An CachingInodeOperations enables readable and/or writable memory access to file content. Files can be mapped shared or private, see mmap(2). When a file is mapped shared, changes to the file via write(2) and truncate(2) are reflected in the shared memory region. Conversely, when the shared memory region is modified, changes to the file are visible via read(2). Multiple shared mappings of the same file are coherent with each other. This is consistent with Linux.

When a file is mapped private, updates to the mapped memory are not visible to other memory mappings. Updates to the mapped memory are also not reflected in the file content as seen by read(2).
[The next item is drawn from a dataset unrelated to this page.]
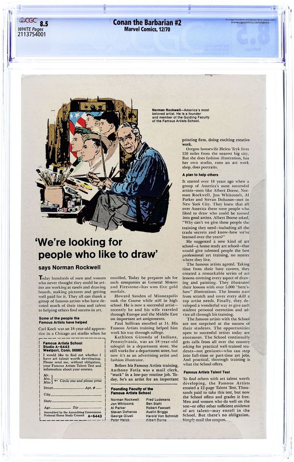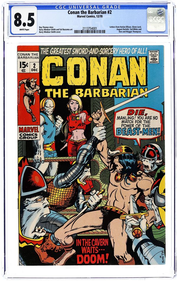 Ends Dec 8 7:54 PM CST Bid History 9 bids Current Bid $45 Your Secret Max Bid If you'd like to bid, please log in or register. Cover art by Barry Windsor-Smith. Lair of the Beast-Men!, script by Roy Thomas, pencils by Barry Windsor-Smith, inks by Sal Buscema; Conan leads humans in a revolution against their ape-masters; Conan kills a snow-lion; Conan's 1st time in chains. Letters to the editor from writers Harlan Ellison, Dick Lupoff, August Derleth, and Ted White; comics historians Don and Maggie Thompson; and Glenn Lord. The letters page reprints the Hyborian Age map from Conan 1. 36 pgs. Cover price: $0.15. Cover price $0.15.

If the file is changed after a private mapping is created, for instance by write(2), the change to the file may or may not be reflected in the private mapping. This is consistent with Linux.

An CachingInodeOperations keeps track of ranges of memory that were modified (or "dirtied"). When the file is explicitly synced via fsync(2), only the dirty ranges are written out to the filesystem. Any error returned indicates a failure to write all dirty memory of an CachingInodeOperations to the filesystem. In this case the filesystem may be in an inconsistent state. The same operation can be performed on the shared memory itself using msync(2). If neither fsync(2) nor msync(2) is performed, then the dirty memory is written out in accordance with the CachingInodeOperations eviction strategy (see below) and there is no guarantee that memory will be written out successfully in full.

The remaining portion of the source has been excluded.